TASK DETAILS - Copy the records below word for word. Stop after the line that contains "Готовые домашние задания".

= = =

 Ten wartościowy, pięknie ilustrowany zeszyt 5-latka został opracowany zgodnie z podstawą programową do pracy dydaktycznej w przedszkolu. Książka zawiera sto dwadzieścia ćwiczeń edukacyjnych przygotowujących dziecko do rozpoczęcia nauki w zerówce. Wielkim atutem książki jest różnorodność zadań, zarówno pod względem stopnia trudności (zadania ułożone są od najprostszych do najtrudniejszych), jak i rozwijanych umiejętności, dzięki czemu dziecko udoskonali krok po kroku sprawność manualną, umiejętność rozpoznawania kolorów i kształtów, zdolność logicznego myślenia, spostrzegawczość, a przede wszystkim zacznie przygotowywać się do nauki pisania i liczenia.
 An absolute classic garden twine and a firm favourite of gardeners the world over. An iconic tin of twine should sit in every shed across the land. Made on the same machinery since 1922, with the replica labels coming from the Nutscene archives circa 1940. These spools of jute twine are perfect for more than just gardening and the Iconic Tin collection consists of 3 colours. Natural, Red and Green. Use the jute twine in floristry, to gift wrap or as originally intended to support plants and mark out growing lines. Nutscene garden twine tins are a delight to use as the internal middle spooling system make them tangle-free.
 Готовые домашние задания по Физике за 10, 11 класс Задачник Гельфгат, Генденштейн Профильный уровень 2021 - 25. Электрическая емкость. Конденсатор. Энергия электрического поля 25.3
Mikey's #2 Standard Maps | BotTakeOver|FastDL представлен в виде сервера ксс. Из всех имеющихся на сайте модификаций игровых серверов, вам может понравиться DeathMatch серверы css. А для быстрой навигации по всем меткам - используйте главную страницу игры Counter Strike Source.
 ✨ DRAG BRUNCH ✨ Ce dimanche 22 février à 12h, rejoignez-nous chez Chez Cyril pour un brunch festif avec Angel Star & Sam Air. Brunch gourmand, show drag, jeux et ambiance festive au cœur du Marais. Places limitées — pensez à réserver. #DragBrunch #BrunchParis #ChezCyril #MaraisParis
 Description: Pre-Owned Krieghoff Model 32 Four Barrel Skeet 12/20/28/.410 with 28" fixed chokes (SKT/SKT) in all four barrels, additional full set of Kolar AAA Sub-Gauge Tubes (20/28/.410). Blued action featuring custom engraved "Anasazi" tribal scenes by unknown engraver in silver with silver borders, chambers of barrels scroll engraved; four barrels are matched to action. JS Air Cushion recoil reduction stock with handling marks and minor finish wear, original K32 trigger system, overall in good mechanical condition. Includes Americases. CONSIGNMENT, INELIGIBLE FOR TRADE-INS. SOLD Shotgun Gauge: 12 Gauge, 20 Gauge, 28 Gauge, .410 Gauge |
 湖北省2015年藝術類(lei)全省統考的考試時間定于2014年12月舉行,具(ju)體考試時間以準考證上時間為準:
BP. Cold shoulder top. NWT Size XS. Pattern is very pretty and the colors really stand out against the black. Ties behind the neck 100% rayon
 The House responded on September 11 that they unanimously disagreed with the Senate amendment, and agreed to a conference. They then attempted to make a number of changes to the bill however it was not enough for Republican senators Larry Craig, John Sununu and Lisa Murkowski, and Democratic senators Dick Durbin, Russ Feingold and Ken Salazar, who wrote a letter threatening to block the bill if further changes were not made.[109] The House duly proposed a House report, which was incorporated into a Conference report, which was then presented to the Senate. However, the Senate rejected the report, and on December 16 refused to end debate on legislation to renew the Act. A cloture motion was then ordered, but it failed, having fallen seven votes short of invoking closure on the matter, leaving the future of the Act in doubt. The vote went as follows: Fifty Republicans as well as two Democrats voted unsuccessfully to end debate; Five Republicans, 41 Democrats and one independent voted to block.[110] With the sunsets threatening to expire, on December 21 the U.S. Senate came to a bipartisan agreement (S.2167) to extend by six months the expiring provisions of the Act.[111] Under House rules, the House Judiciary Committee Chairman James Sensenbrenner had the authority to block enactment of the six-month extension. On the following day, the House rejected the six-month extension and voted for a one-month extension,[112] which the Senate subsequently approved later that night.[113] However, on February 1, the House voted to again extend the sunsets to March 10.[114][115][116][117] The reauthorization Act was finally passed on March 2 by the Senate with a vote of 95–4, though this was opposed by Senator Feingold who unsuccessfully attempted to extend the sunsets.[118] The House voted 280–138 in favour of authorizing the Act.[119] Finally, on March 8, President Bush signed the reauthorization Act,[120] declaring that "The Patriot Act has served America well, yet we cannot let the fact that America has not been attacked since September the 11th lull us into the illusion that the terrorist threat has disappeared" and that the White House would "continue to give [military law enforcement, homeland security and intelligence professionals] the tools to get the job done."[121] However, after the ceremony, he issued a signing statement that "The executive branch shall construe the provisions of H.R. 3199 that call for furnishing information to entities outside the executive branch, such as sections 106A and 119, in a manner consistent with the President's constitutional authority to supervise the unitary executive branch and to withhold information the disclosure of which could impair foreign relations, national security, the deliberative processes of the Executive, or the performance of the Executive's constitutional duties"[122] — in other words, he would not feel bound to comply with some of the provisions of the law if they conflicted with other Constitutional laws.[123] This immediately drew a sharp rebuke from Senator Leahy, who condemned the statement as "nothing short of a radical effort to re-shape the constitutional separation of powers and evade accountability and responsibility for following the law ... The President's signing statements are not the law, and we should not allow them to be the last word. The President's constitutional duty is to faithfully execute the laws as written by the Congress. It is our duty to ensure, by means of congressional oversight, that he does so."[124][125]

= = =

OUTPUT FOR THIS TASK -
 Ten wartościowy, pięknie ilustrowany zeszyt 5-latka został opracowany zgodnie z podstawą programową do pracy dydaktycznej w przedszkolu. Książka zawiera sto dwadzieścia ćwiczeń edukacyjnych przygotowujących dziecko do rozpoczęcia nauki w zerówce. Wielkim atutem książki jest różnorodność zadań, zarówno pod względem stopnia trudności (zadania ułożone są od najprostszych do najtrudniejszych), jak i rozwijanych umiejętności, dzięki czemu dziecko udoskonali krok po kroku sprawność manualną, umiejętność rozpoznawania kolorów i kształtów, zdolność logicznego myślenia, spostrzegawczość, a przede wszystkim zacznie przygotowywać się do nauki pisania i liczenia.
 An absolute classic garden twine and a firm favourite of gardeners the world over. An iconic tin of twine should sit in every shed across the land. Made on the same machinery since 1922, with the replica labels coming from the Nutscene archives circa 1940. These spools of jute twine are perfect for more than just gardening and the Iconic Tin collection consists of 3 colours. Natural, Red and Green. Use the jute twine in floristry, to gift wrap or as originally intended to support plants and mark out growing lines. Nutscene garden twine tins are a delight to use as the internal middle spooling system make them tangle-free.
 Готовые домашние задания по Физике за 10, 11 класс Задачник Гельфгат, Генденштейн Профильный уровень 2021 - 25. Электрическая емкость. Конденсатор. Энергия электрического поля 25.3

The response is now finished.